Most days are spent salvaging and building. Crews push into ruined zones to drag back engines, weapons, and tech. Mechanics weld broken machines into usable gear. Drivers and gunners test vehicles before using them in raids. When not working, Rats drink, fight, gamble with scrap, and tell stories about past jobs.
The foundry pits also serve as fighting grounds. Crews settle disputes there. Rank challenges and loyalty tests happen in full view of others. Fights range from fists to weapons to vehicle duels. Losers often end up burned in the furnaces.
Housing is crude but usable. Crews turn offices into bunk rooms, stack containers into towers, and hang shacks from crane arms. Food comes from raids and trade, with some grown in barrels and tanks. Water is bought from smugglers or stolen from damaged lines. Medical care focuses on keeping people alive and working. Cybernetic implants are rough, reused parts bolted into place.

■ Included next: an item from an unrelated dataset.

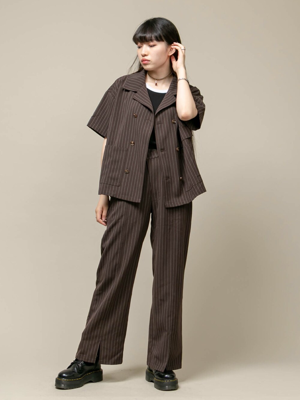 トレンドの解禁シャツもピンストライプや、ダブル仕立てを選ぶとカジュアルすぎない印象になりオススメです。 シャツジャケットと同じ素材を使用した、タックパンツを合わせてセットアップスタイルもオススメです♪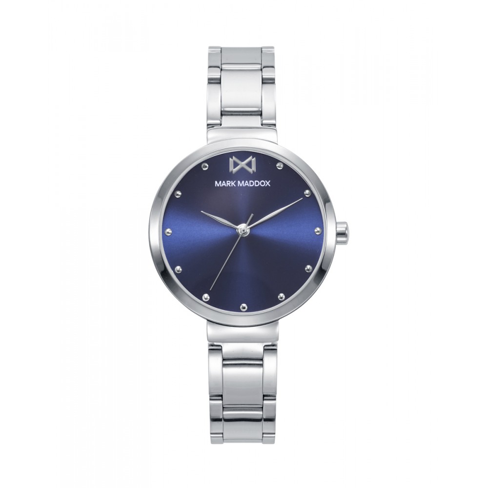 Reloj de mujer Alfama Mark Maddox tres agujas con caja y brazalete en acero, esfera azul.

Cog is the leader of the Gear Rats in the Rust Belt. He is large, heavily augmented, and always seen in soot-covered power armor. Stories say he survived a factory collapse and climbed his way up from mechanic. What matters is that he controls the largest stockpiles of fuel, scrap, and finished vehicles.
Cog stays in power by controlling supplies. Every major salvage run pays him a cut. Every large foundry answers to him or someone he appointed. In return, he assigns gear for major raids and defenses. Crews that cooperate get better equipment. Crews that refuse lose access to fuel and parts.

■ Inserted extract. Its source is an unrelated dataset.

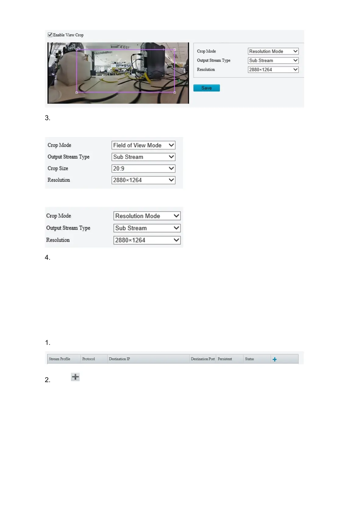 Field of View Mode: Size priority. Set the output stream type, crop size and resolution.
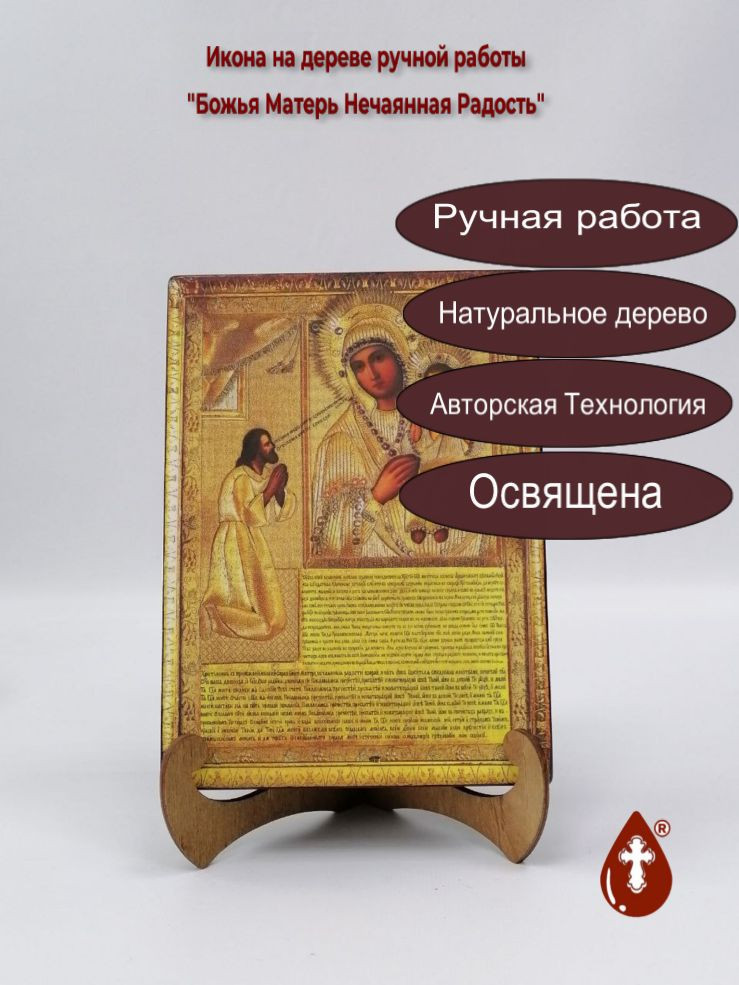 Икона на дереве "Нечаянная Радость, 15x20x3 см, арт Ик19732-2" станет прекрасным подарком для верующего человека, а также займет особое место в любом доме, храме или церкви.

Below him, lieutenants manage specific jobs and areas. Some oversee factories. Others handle raids, vehicles, or chemical processing. Rivalries are common. Cog allows limited fighting to keep them sharp. If it threatens production or draws outside attacks, he steps in. Punishments include taking vehicles, stripping territory, or sending crews on deadly missions.
This creates constant tension. Crews want better yards and more power, but they rely on each other to hold the district. Small arguments over scrap or insults often turn into street battles. When the fighting ends, Cog’s enforcers decide who gets rebuilt and who is left behind.
The Rust Belt interacts with nearly every major faction in New Vance City. Gear Rats raid Hydro Hegemony convoys, Solar Guardian supply lines, and Citadel-linked shipments. They attack raiders who trespass on their salvage grounds. They clash with the Perimeter Watch when raids cross into guarded zones.
At the same time, they sell gear and take paid jobs. Shadow Syndicate brokers buy weapons and tech from Rust Belt workshops. In return, they supply medicine, information, chemicals, and access to hidden routes. Some Citadel figures quietly buy unmarked Gear Rat equipment through these channels.
Silent Walkers avoid the Rust Belt when possible. The noise and constant movement interfere with their methods. When they do appear, it is for specific targets or items. Their presence makes everyone nervous, since normal defenses do little against shamblers or cult forces that do not react to pain.
The Gear Rats see everything as material. Metal becomes machines. Fuel becomes fire. People become workers or parts. If something can move, they want to mount a weapon on it. If it cannot, they cut it apart and feed it into the next build.